Dużo więcej sukcesów niż w klubach Łomacz odniósł z reprezentacją Polski. Ich ukoronowaniem było olimpijskie srebro zdobyte w Paryżu (na zdjęciu Rafała Oleksiewicza). W dorobku ma też mistrzostwo (w 2018 roku) i wicemistrzostwo świata (2022), złoto i brąz mistrzostw Europy (2023 i 2021), triumf w Lidze Narodów.
- Grzesiek Łomacz to bardzo solidny rozgrywający z dobrą głową - ocenia Wojciech Drzyzga, ekspert Polsatu Sport i były reprezentacyjny rozgrywający. - Przy mnie Grzesiek to master klasa - śmieje się. I dodaje: - Pamiętam, jak zaczynał karierę w Politechnice i muszę przyznać, że nie przypuszczałem wtedy, że zrobi taką karierę. Mimo że nie ma zbyt dobrych warunków, osiągnął wszystko dzięki pracowitości i charakterowi. Jest szanowany i lubiany przez kolegów.
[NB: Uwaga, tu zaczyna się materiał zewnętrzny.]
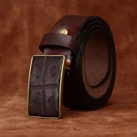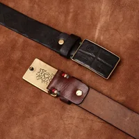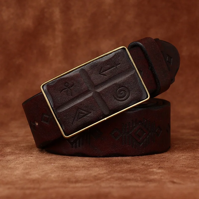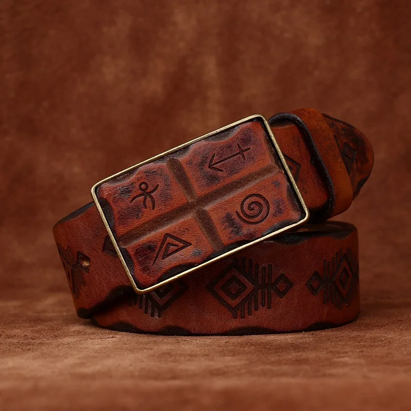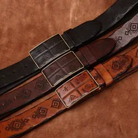 3.8CM High Quality Genuine Leather Belt Luxury Smooth Buckle Belts Pure Cowskin Retro Laser Engraving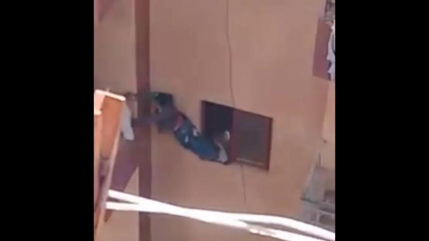 ام تجبر طفلها على التسلق خارج "البلكونة"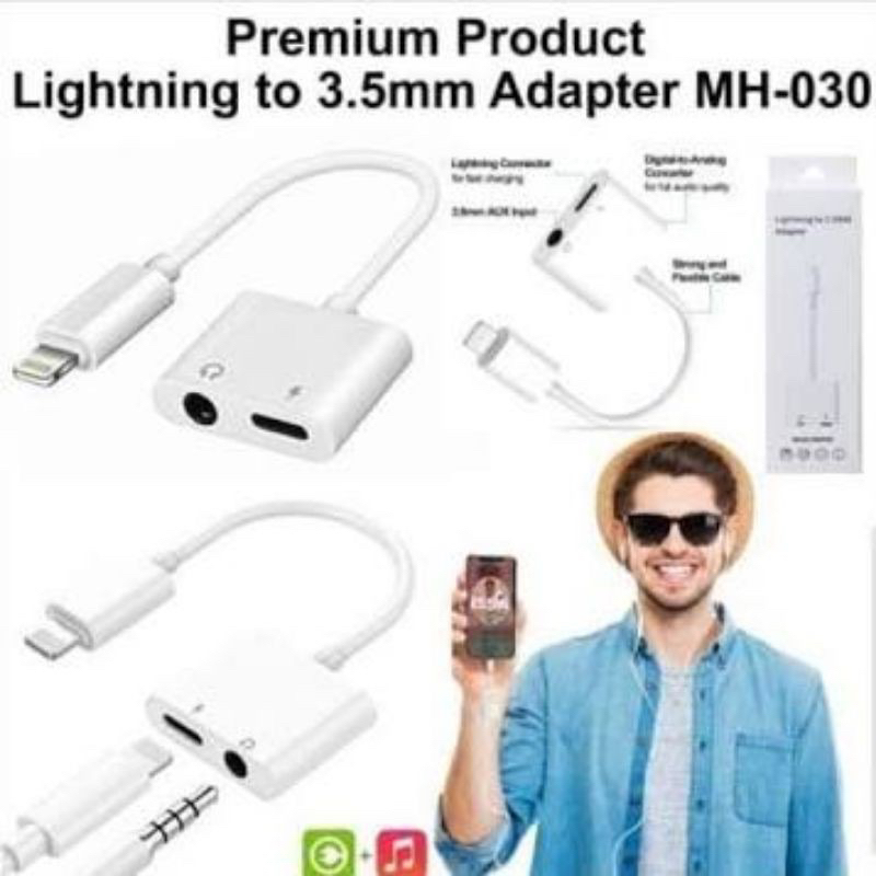 Detail Kabel Adapter Charger Lightning 2 In 1 Jack Audio 3.5mm 2 In 1 Adaptor Dual Lightning Audio dan Charger untuk iPhone

Cenię u niego solidność, powtarzalność i umiejętność przetrzymania trudnych chwil. W reprezentacji był zawsze numerem dwa, ale to też trzeba potrafić . Ukoronowaniem kariery Grześka jest srebrny medal olimpijski. Choć z drugiej strony jeszcze nie kończy gry w siatkówkę.